* LISTED ENTRIES *
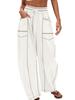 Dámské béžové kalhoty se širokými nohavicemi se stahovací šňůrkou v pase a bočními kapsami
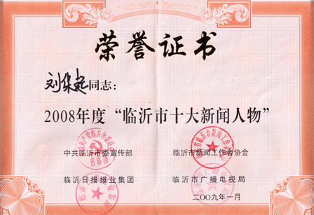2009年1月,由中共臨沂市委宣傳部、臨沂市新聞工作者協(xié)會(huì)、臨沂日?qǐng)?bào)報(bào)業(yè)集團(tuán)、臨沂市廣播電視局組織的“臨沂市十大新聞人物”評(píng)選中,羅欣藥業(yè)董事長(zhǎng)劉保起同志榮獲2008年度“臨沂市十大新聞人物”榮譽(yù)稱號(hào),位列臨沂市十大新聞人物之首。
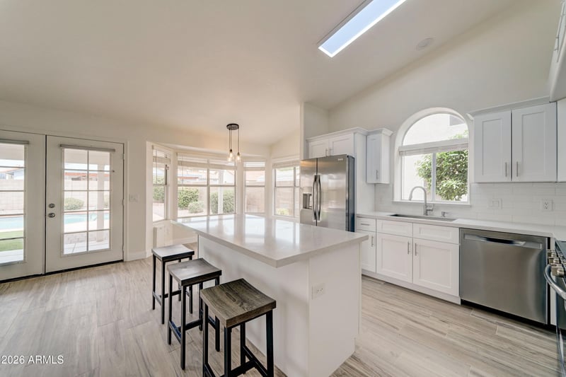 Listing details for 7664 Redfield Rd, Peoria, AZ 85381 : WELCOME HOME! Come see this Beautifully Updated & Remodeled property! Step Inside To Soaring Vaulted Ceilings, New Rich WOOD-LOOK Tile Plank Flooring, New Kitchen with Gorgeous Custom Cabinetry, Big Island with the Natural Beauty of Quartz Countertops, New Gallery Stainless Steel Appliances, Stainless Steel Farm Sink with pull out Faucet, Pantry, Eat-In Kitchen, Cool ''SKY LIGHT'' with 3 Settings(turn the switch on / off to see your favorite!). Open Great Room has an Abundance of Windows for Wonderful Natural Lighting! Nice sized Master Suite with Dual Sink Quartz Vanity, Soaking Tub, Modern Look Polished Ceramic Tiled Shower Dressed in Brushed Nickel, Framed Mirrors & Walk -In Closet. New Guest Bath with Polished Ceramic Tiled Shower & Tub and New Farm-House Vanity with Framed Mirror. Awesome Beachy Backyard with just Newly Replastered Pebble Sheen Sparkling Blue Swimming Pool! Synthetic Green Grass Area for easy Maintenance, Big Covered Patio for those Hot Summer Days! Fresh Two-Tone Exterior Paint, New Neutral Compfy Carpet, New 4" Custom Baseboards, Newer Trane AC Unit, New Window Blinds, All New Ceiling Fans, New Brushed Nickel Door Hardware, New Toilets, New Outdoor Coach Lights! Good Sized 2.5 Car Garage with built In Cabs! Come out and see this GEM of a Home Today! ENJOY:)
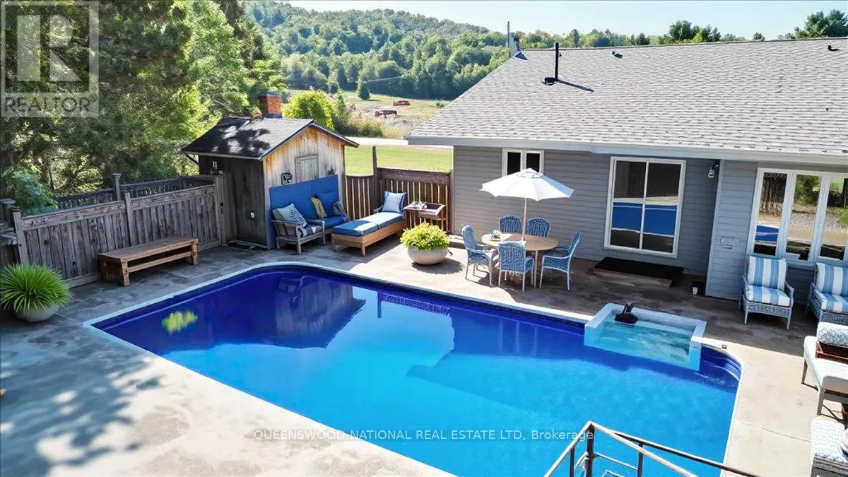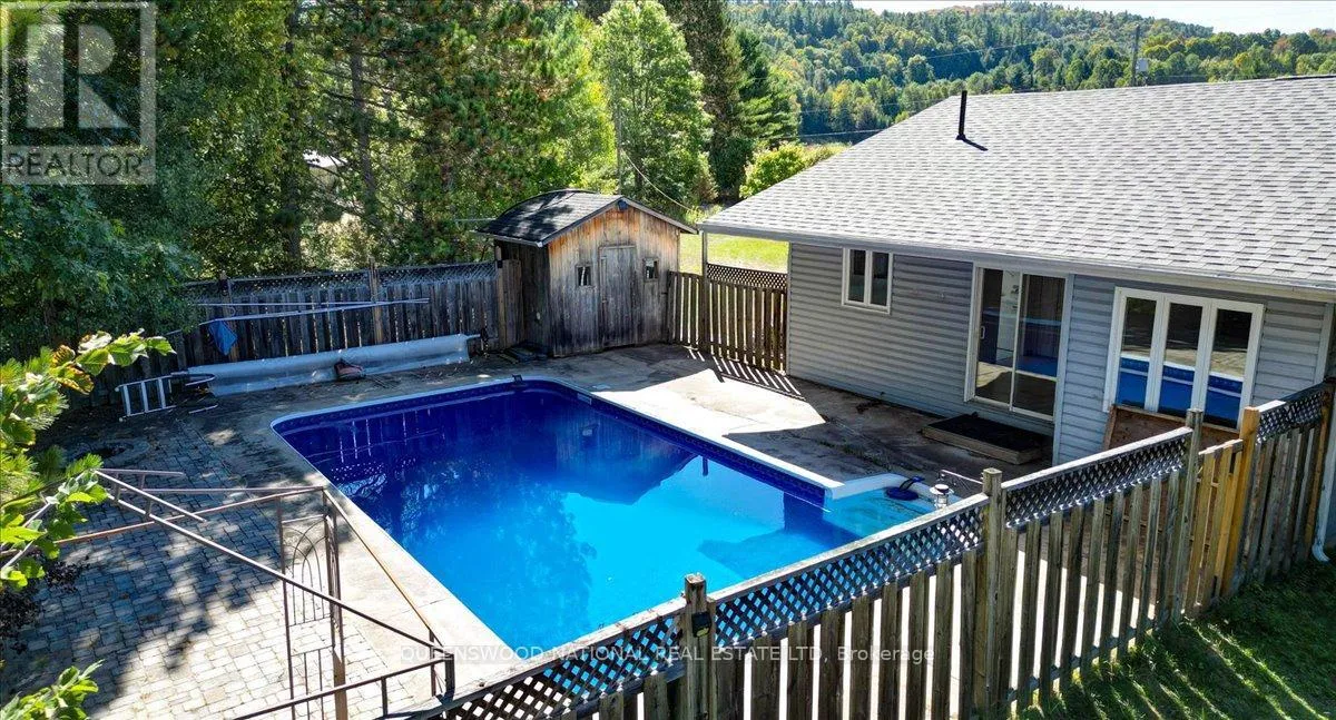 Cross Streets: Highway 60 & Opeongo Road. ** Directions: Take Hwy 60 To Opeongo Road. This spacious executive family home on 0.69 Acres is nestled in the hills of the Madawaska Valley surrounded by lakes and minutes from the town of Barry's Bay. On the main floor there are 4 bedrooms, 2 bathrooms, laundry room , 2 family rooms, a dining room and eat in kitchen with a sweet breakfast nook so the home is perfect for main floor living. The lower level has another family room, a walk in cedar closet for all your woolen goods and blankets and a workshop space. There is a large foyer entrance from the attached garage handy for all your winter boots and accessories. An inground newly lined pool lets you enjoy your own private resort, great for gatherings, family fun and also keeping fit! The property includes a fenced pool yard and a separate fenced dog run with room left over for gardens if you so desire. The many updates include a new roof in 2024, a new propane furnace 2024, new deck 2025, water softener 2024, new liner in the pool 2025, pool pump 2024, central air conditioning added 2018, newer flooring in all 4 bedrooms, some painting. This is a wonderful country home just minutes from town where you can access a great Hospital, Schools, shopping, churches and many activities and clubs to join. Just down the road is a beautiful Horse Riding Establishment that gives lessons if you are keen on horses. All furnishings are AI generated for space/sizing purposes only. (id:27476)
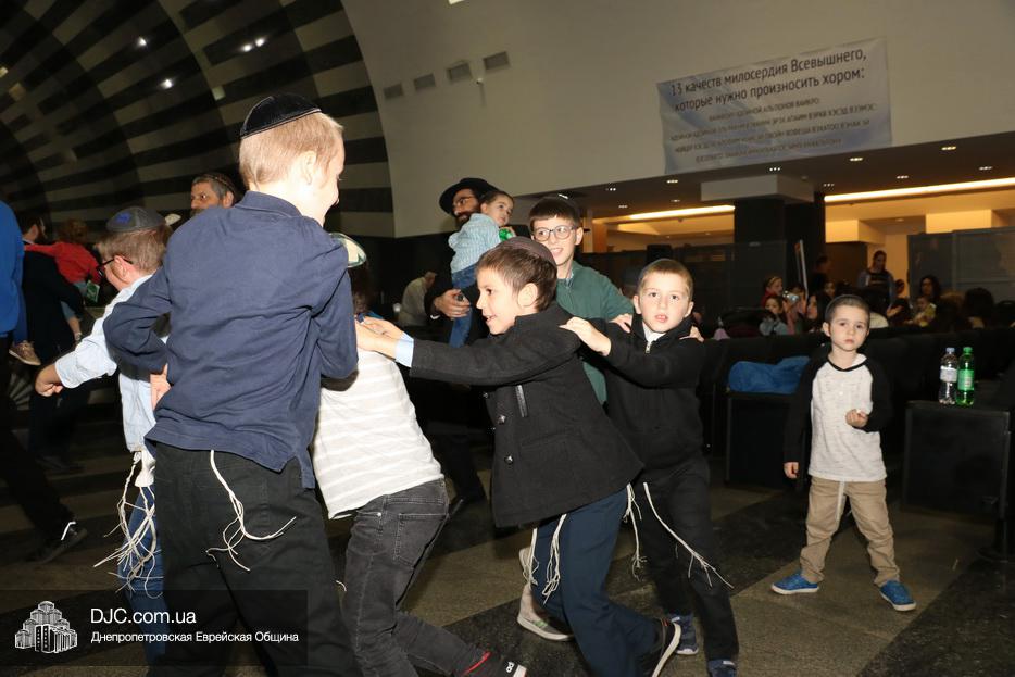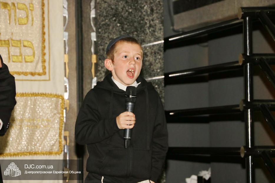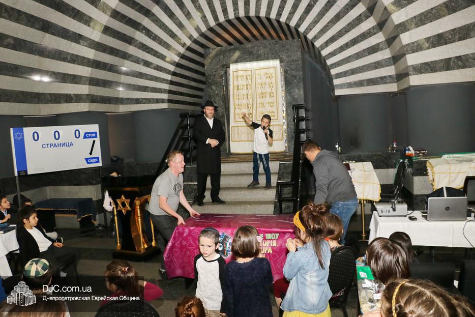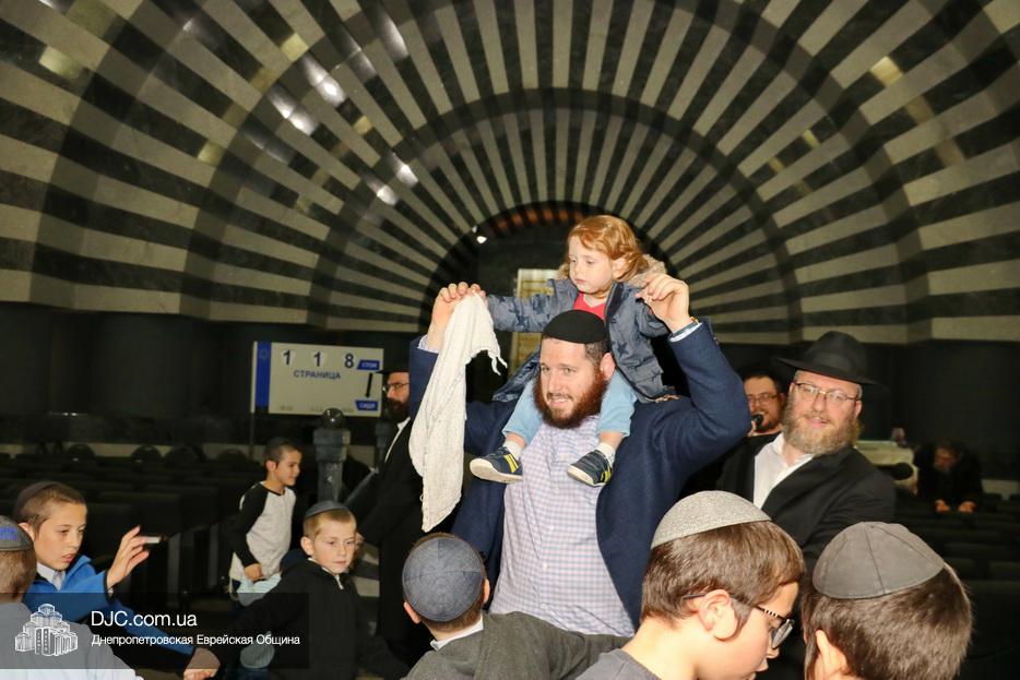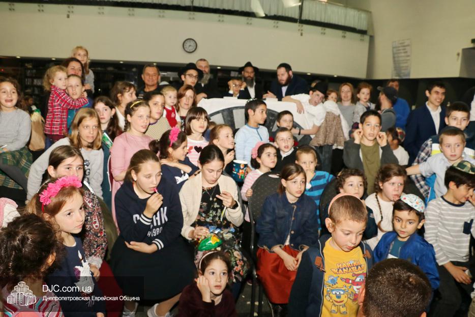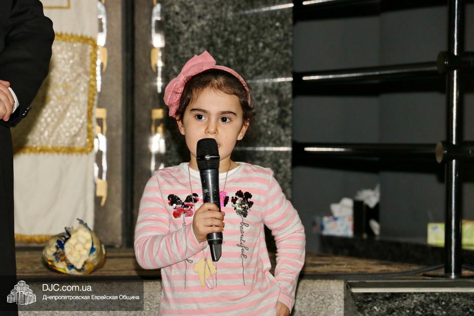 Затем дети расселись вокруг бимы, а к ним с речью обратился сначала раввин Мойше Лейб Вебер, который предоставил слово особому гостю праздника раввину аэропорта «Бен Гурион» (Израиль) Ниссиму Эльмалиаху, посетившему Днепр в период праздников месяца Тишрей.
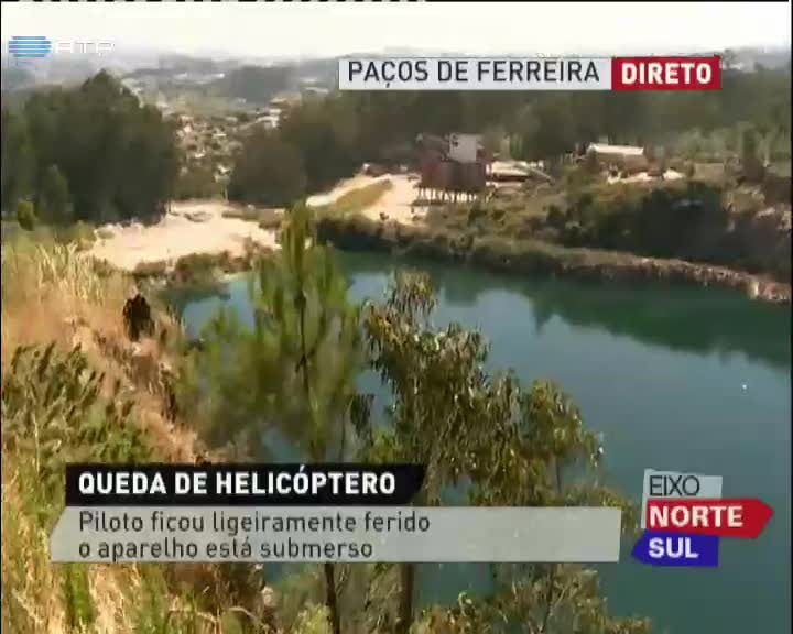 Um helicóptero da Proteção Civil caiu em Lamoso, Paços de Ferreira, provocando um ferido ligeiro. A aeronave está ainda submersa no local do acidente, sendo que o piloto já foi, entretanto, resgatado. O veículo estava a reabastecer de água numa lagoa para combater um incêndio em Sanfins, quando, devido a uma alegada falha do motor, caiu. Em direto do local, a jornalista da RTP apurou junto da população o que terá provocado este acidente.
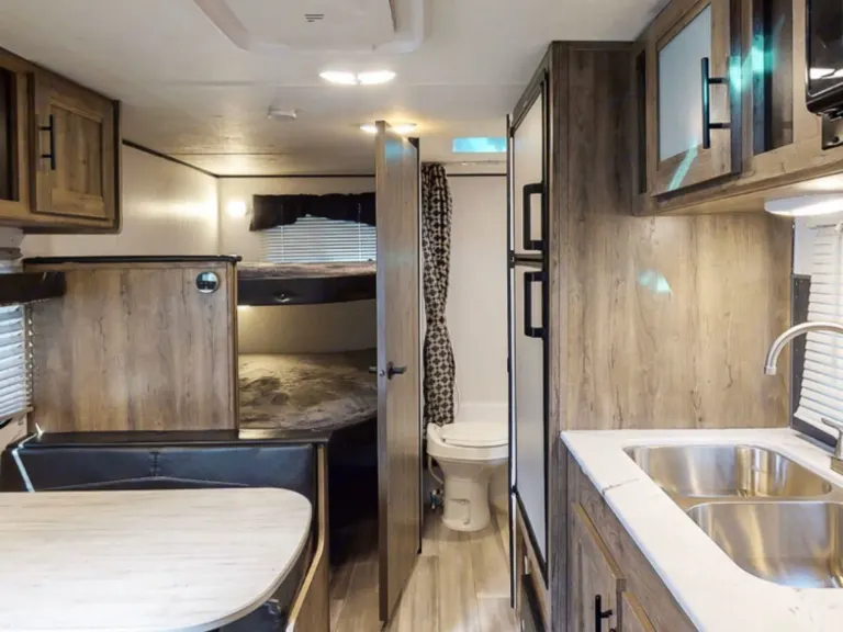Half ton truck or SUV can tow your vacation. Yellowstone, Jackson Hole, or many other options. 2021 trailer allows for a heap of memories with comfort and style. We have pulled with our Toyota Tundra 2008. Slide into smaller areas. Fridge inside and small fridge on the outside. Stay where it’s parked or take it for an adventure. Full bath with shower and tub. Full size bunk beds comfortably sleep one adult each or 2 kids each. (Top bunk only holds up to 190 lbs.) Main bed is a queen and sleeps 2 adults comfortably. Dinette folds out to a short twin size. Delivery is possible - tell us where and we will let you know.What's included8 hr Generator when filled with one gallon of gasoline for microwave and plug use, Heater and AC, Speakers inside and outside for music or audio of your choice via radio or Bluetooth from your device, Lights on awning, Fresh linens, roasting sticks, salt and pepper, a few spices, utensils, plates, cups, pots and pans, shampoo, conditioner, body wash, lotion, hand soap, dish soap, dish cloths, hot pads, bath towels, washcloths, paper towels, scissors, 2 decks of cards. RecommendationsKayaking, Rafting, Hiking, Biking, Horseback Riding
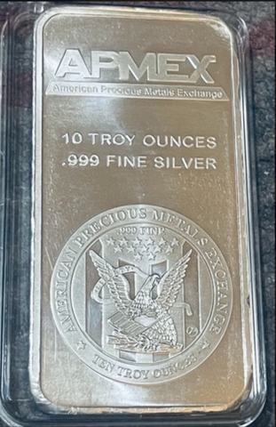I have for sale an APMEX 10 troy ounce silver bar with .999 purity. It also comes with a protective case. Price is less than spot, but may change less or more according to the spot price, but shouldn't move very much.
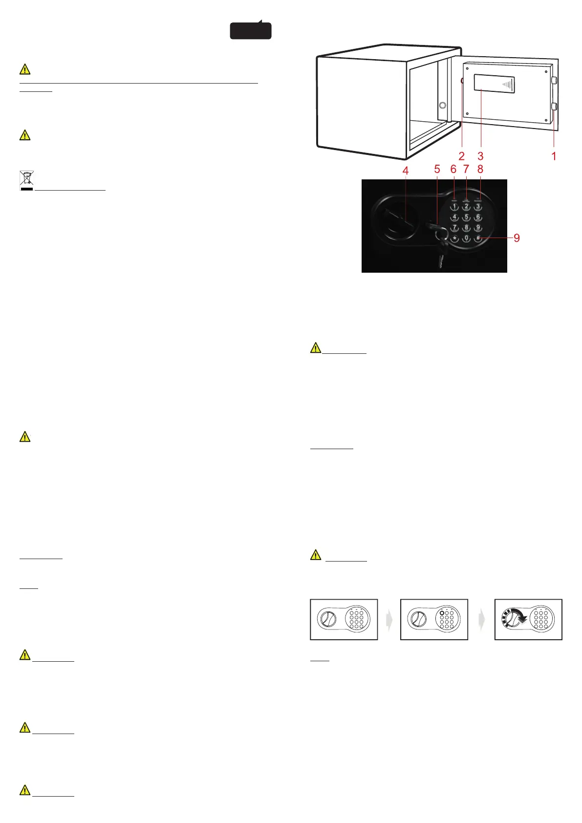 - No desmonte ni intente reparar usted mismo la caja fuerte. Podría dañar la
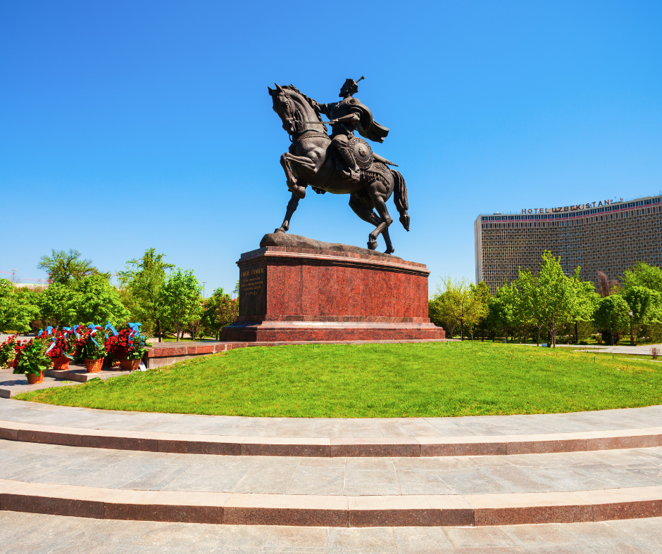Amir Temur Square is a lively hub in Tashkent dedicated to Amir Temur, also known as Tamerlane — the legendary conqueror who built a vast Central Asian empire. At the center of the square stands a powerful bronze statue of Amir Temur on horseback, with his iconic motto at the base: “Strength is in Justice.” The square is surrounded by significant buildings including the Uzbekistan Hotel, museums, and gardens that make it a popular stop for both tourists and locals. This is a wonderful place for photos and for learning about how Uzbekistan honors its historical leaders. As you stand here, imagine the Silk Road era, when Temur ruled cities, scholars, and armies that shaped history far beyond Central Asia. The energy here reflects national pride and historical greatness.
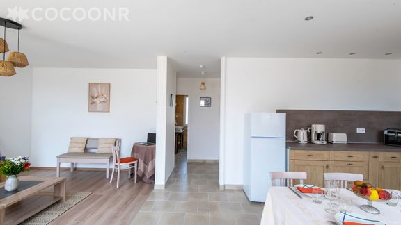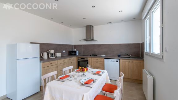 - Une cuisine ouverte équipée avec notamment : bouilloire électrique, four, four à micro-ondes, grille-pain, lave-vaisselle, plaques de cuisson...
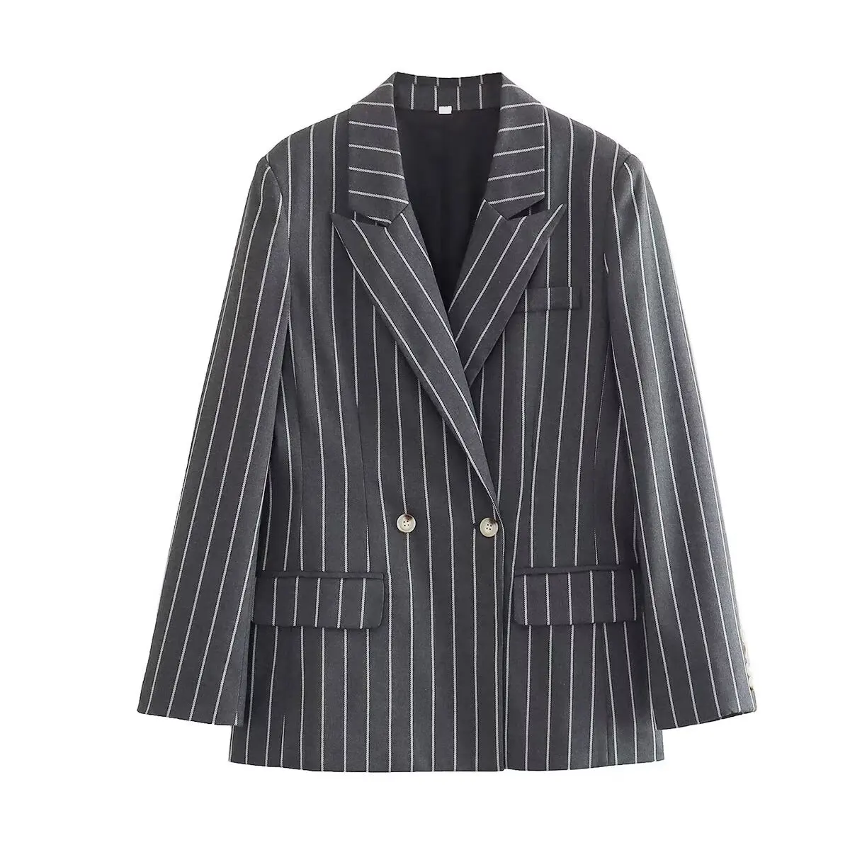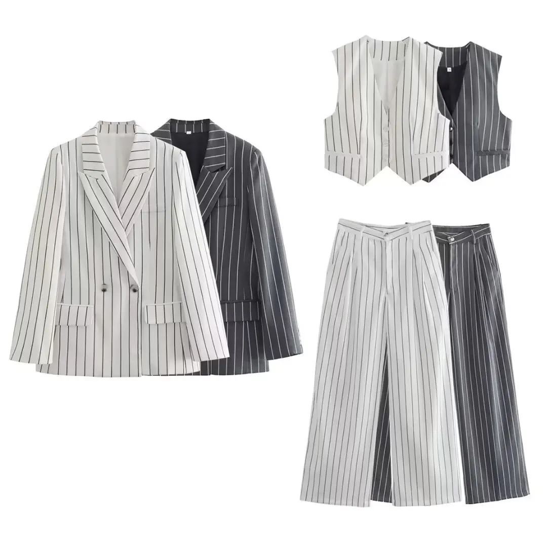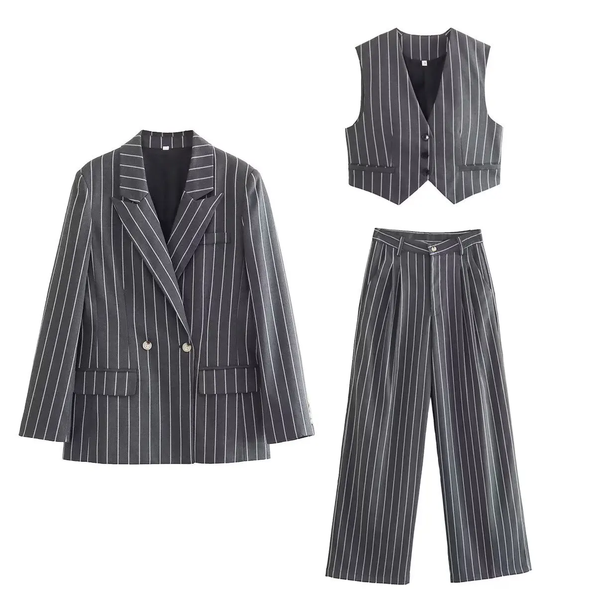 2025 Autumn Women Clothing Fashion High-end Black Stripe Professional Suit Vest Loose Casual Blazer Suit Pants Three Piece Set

* TASK DIRECTIONS *
Please print, exactly as given, the lines running from the beginning of the listing through the line containing "2009年1月,由中共臨沂市", omitting each picture.

* RESPONSE TO THE EXERCISE *
 Dámské béžové kalhoty se širokými nohavicemi se stahovací šňůrkou v pase a bočními kapsami
2009年1月,由中共臨沂市委宣傳部、臨沂市新聞工作者協(xié)會(huì)、臨沂日?qǐng)?bào)報(bào)業(yè)集團(tuán)、臨沂市廣播電視局組織的“臨沂市十大新聞人物”評(píng)選中,羅欣藥業(yè)董事長(zhǎng)劉保起同志榮獲2008年度“臨沂市十大新聞人物”榮譽(yù)稱號(hào),位列臨沂市十大新聞人物之首。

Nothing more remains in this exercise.